# Potato soup question



## miketx (Oct 17, 2019)

HereWeGoAgain


I make a simple potato soup by dicing about 5 potatoes, boiling them, adding two cups of milk and a half stick of butter. It comes out ok and tastes like it did when I was a kid. It seems to be too watery. Any ideas on how to thicken it up a little, not a lot, so it will have a little thickness?


----------



## Billy_Kinetta (Oct 17, 2019)

Corn starch.


----------



## WillowTree (Oct 17, 2019)

miketx said:


> HereWeGoAgain
> 
> 
> I make a simple potato soup by dicing about 5 potatoes, boiling them, adding two cups of milk and a half stick of butter. It comes out ok and tastes like it did when I was a kid. It seems to be too watery. Any ideas on how to thicken it up a little, not a lot, so it will have a little thickness?
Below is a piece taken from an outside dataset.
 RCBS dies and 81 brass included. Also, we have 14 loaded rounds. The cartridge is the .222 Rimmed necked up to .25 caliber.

My mom always took out a few potatoes mashed them up and stirred them back in as a thickener. A little flour or cornstarch slurry would work too.


----------



## pismoe (Oct 17, 2019)

yes on everything already mentioned or just mix in a little bit of Dried Mashed potato flakes  Mike ,


----------



## miketx (Oct 17, 2019)

Thank you, I think I have the answer now.


----------



## mdk (Oct 17, 2019)

If you don’t wish to add corn starch or flour you can always use an immersion blender to thicken it up.


----------



## miketx (Oct 17, 2019)

mdk said:


> If you don’t wish to add corn starch or flour you can always use an immersion blender to thicken it up.


Well, I leave the potatoes whole.


----------



## pismoe (Oct 17, 2019)

or Simmers and let the milk and water disappear as the soup thickens Mike ,


----------



## HereWeGoAgain (Oct 17, 2019)

miketx said:


> HereWeGoAgain
> 
> 
> I make a simple potato soup by dicing about 5 potatoes, boiling them, adding two cups of milk and a half stick of butter. It comes out ok and tastes like it did when I was a kid. It seems to be too watery. Any ideas on how to thicken it up a little, not a lot, so it will have a little thickness?
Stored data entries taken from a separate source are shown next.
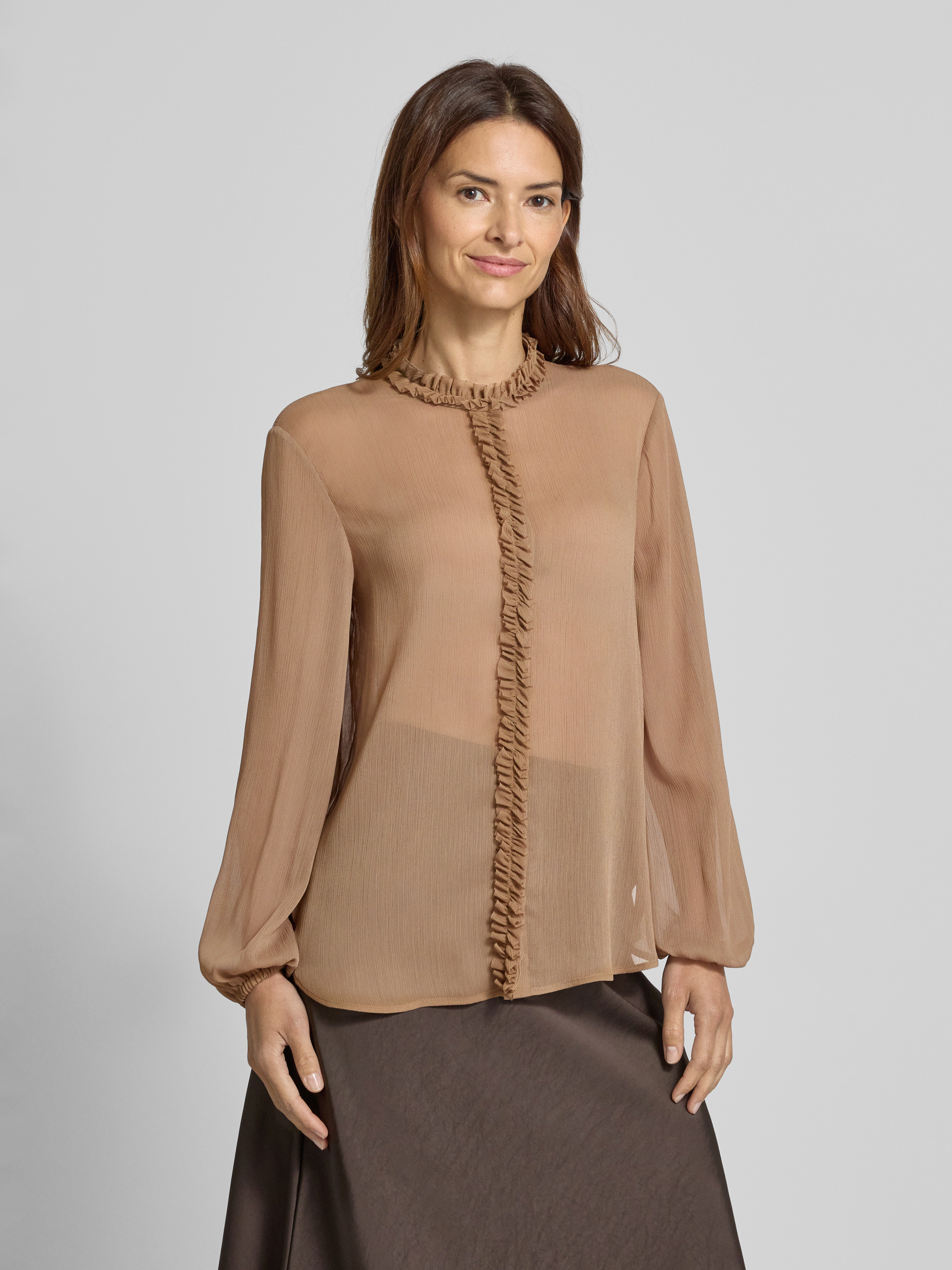 Die semitransparente Bluse von Luisa Cerano vereint durch ihren Regular Fit und den eleganten Stehkragen einen zeitlosen Look mit hohem Tragekomfort. Zarte Rüschen verleihen dem Design eine verspielte Note, während die leichte Transparenz subtile Akzente setzt und vielseitige Kombinationsmöglichkeiten eröffnet.
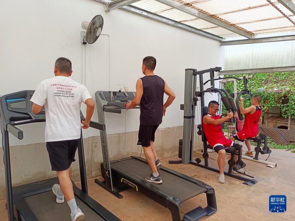 3月26日,中國第19批援塞內加爾醫療隊隊員在位于塞內加爾迪亞姆尼亞久兒童醫院附近的駐地進(jìn)行體育鍛煉。
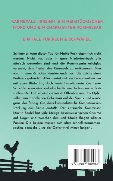 Karnevals-Irrsinn, ein heimtückischer Mord und ein charmanter Kommissar – ein Fall für Pech & Schwäfel! Teil zwei der Cosy Crime-Reihe nach dem Audible-Original jetzt auch als E-Book Schlimmer kann dieser Tag für Maike Pech eigentlich nicht werden. Nicht nur, dass in ganz Niederteerbach alle närrisch geworden sind und die Kommissarin erfolglos versucht, dem Trubel des Karnevals zu entkommen. Nun wird in einer örtlichen Pension auch noch die Leiche eines Berliners gefunden. Alles deutet auf ein Gewaltverbrechen mit einer Büste hin, doch Gerichtsmedizinerin Zoe Iyeke Schwäfel kann eine viel abscheulichere Todesursache feststellen. Der Fall scheint verzwickt. Offenbar war das Opfer selbst einem tödlichen Geheimnis auf der Spur – und wurde ganz klar fündig. Gut, dass kriminalistische Kompetenzverstärkung aus Berlin eintrifft. Der entsandte Kommissar Martin Seidel hat jede Menge besserwisserischen Charme auf Lager und zwischen ihm und Maike fliegen allerlei Funken. Die beiden müssen sich aber schnell zusammenraufen, denn die Liste der Opfer wird immer länger … Weitere Titel dieser Reihe Pech und Schwäfel (ISBN: 9783987780820) Erste Leser:innenstimmen „charmanter Cosy Crime, der einen einfach zum Schmunzeln bringt – klare Leseempfehlung!" „Auch den zweiten Band der Cosy Krimi-Reihe kann man durch den humorvollen Schreibstil, die erfrischenden Charaktere und den mysteriösen Mordfall kaum aus den Händen legen." „eine raffinierte Mischung aus Humor und Spannung." „ein spannender Mordfall mitten im Karnevalschaos – beste Krimiunterhaltung."

  You'll have to ask the Wife when it comes to tater soup.
She loves the stuff so She puts Her heart and soul in it and it shows.
    If ya want Her recipe I'll be glad to get it for you.....I figure it'll only take a few slaps upside the head before she gives it up.


----------



## HereWeGoAgain (Oct 17, 2019)

HereWeGoAgain said:


> miketx said:
> 
> 
> > HereWeGoAgain
> ...



   Okay.....I only had to smack Her once and she gave it up.
The Pioneer Women.


----------



## mdk (Oct 17, 2019)

miketx said:


> mdk said:
> 
> 
> > If you don’t wish to add corn starch or flour you can always use an immersion blender to thicken it up.
> ...



So do I. Give it just a little zap with the immersion blender and it will keep the majority of those taters whole. You can add some leftover water from boiling the taters as well if to don’t want to use the blender.


----------



## Weatherman2020 (Oct 17, 2019)

Cream cheese. The whole bar.

And I cheat and used diced frozen potatoes


----------



## The Irish Ram (Oct 17, 2019)

Add some diced onion in the water you boil your potatoes in and some celery salt.  Add a little bit to the milk mixture too.  And a little flour slurry.   Not too much because it will thicken some when it cools.  Salt and pepper.


----------



## HereWeGoAgain (Oct 17, 2019)

I believe I addressed the problem with thickness in the past soup/bean recipes.
   You either make a flour roux or you blend a portion of your base,in this case potatoes and add it to the pot.


----------



## JGalt (Oct 17, 2019)

miketx said:


> Thank you, I think I have the answer now.



Don't forget the chopped up fried bacon, onions, and chopped up celery. 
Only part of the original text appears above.